#### Listed entries ####
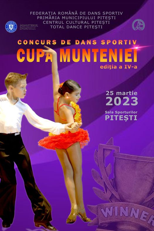 Federația Română de Dans Sportiv, Primăria Municipiului Pitești, prin Centrul Cultural Pitești, și Clubul „Total Dance” Pitești organizează Concursul Național de Dans Sportiv ,,Cupa Munteniei”, sâmbătă, 25 martie 2023, la Sala Sporturilor, în intervalul orar 09:00- 22:00.
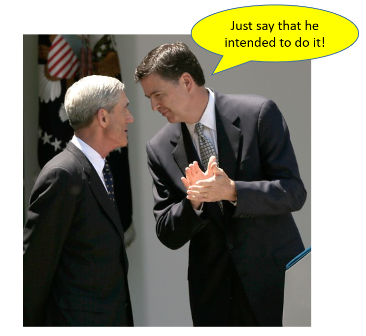 Applying Jimmy Carter’s logic, Mueller argues that presumed intent without action is sufficient cause to deem obstruction.
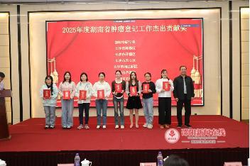 会上,新宁县人民医院肿瘤科荣膺“2025年度湖南省肿瘤登记工作杰出贡献奖”“2025年度湖南省肿瘤登记工作先进个人奖”。
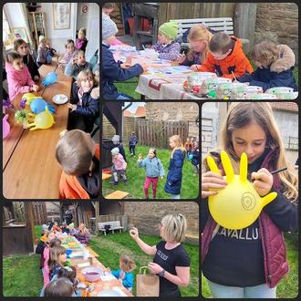 Dem Osterhasen zu helfen, war den Kindern eine wahre Freude. Die Farben knallig, die Kreativität groß, sodass am Ende mit nur zwei geplatzten Eiern immerhin 198 Eier für die Ostereiersuche am 30.03.2024 fertig geworden sind.
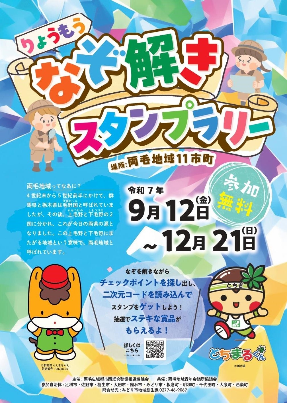 現在、両毛地域を巡って、各市町のなぞを解きつつ地域の魅力に触れる「りょうもうなぞ解きスタンプラリー」が開催されています。
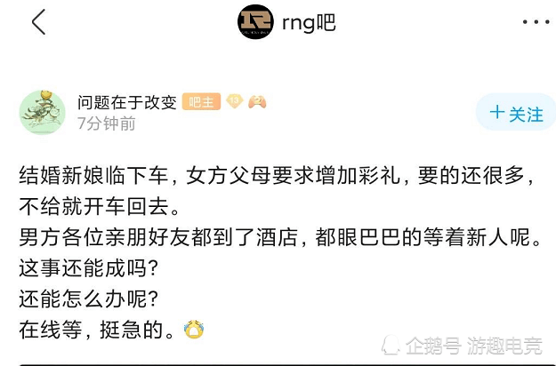 随后还有另一个反转,是RNG的小吧主站了出来,说了两个字:成了!结合RNG大吧主昨天的动作,很容易就让人联想到是RNG圣枪哥成了。PS:能当上战队吧主的都是粉丝头子或者跟工作人员有联系,知道的消息会比我们外人多一些。
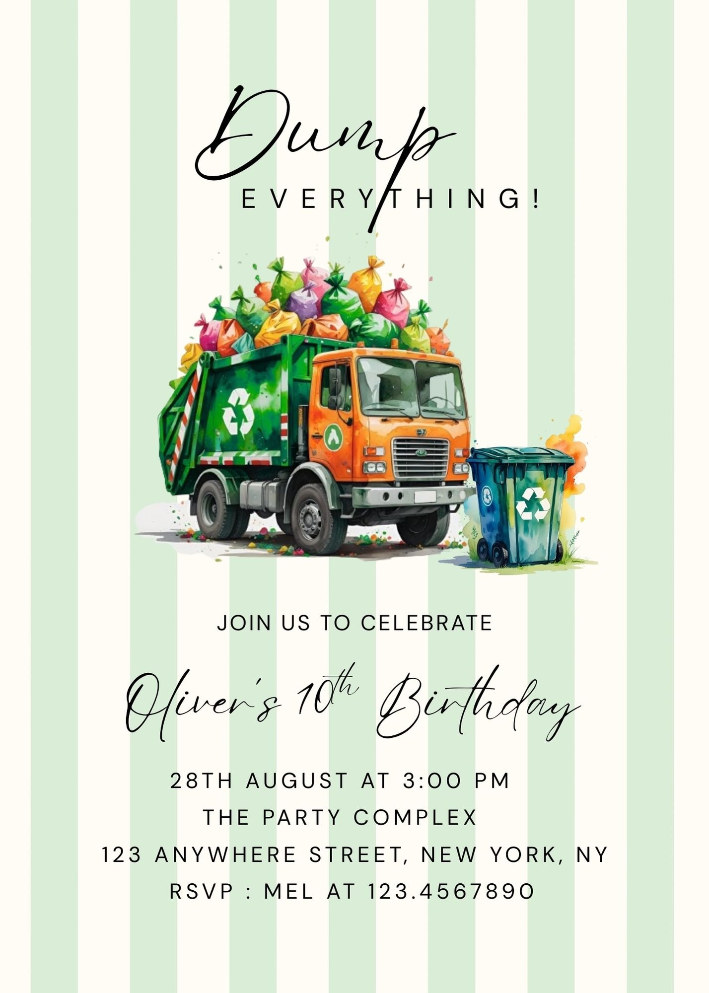 Trash Truck Invitation, Dump Everything Invite, Garbage Truck Invite, Green Dump Truck Birthday Invite, Any Age Boy Girl Birthday Invitation
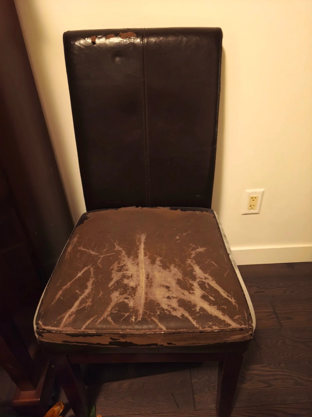 This is a brown dining chair with faux leather upholstery. It shows significant wear on the seat and top of the backrest. The frame is made of wood.
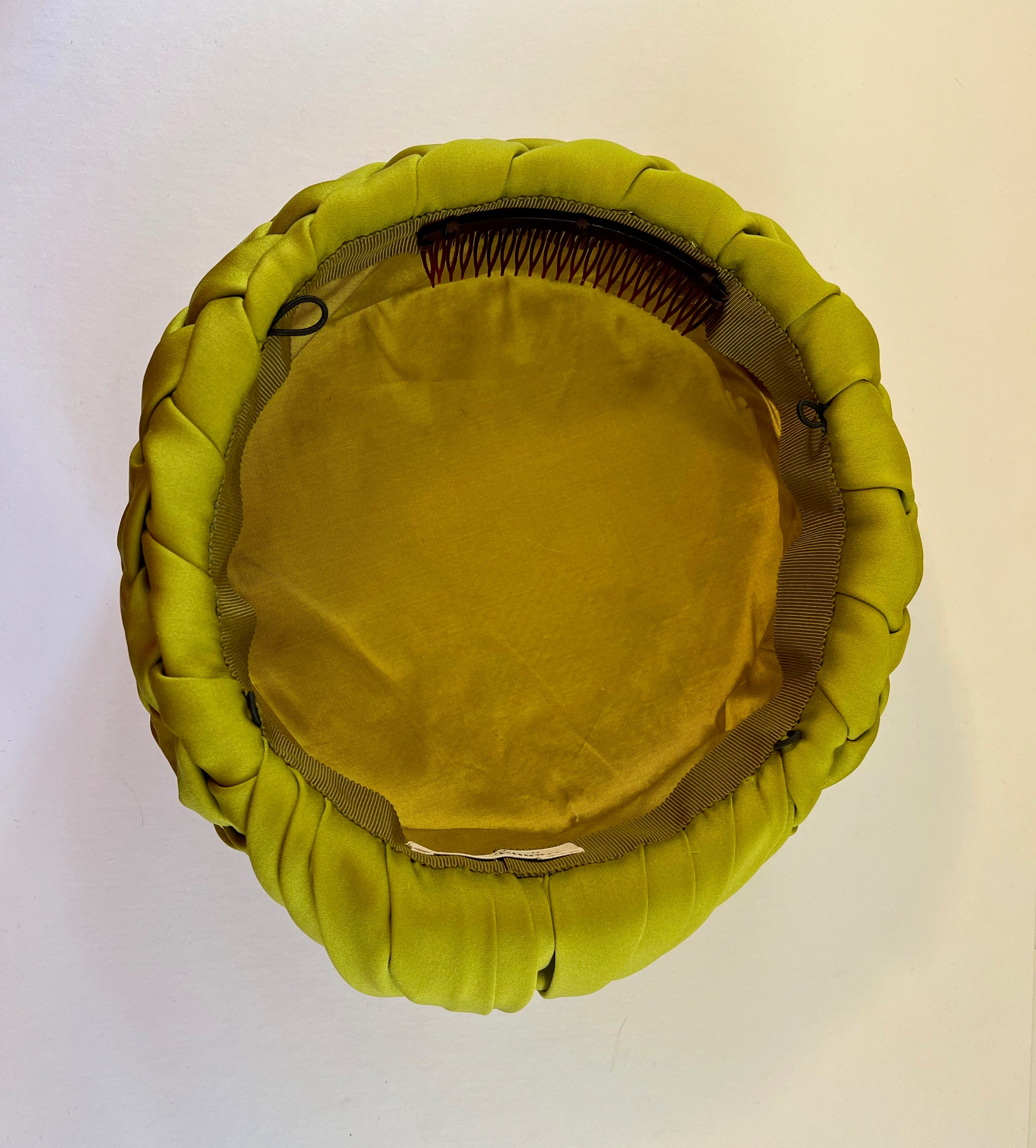 Charlotte - Lattice Smocked Silk Draped Pillbox - bright olive
####
- _Your assignment_: Give the entries above again word for word, without the pictures.

- _Solved exercise_:
 Federația Română de Dans Sportiv, Primăria Municipiului Pitești, prin Centrul Cultural Pitești, și Clubul „Total Dance” Pitești organizează Concursul Național de Dans Sportiv ,,Cupa Munteniei”, sâmbătă, 25 martie 2023, la Sala Sporturilor, în intervalul orar 09:00- 22:00.
 Applying Jimmy Carter’s logic, Mueller argues that presumed intent without action is sufficient cause to deem obstruction.
 会上,新宁县人民医院肿瘤科荣膺“2025年度湖南省肿瘤登记工作杰出贡献奖”“2025年度湖南省肿瘤登记工作先进个人奖”。
 Dem Osterhasen zu helfen, war den Kindern eine wahre Freude. Die Farben knallig, die Kreativität groß, sodass am Ende mit nur zwei geplatzten Eiern immerhin 198 Eier für die Ostereiersuche am 30.03.2024 fertig geworden sind.
 現在、両毛地域を巡って、各市町のなぞを解きつつ地域の魅力に触れる「りょうもうなぞ解きスタンプラリー」が開催されています。
 随后还有另一个反转,是RNG的小吧主站了出来,说了两个字:成了!结合RNG大吧主昨天的动作,很容易就让人联想到是RNG圣枪哥成了。PS:能当上战队吧主的都是粉丝头子或者跟工作人员有联系,知道的消息会比我们外人多一些。
 Trash Truck Invitation, Dump Everything Invite, Garbage Truck Invite, Green Dump Truck Birthday Invite, Any Age Boy Girl Birthday Invitation
 This is a brown dining chair with faux leather upholstery. It shows significant wear on the seat and top of the backrest. The frame is made of wood.
 Charlotte - Lattice Smocked Silk Draped Pillbox - bright olive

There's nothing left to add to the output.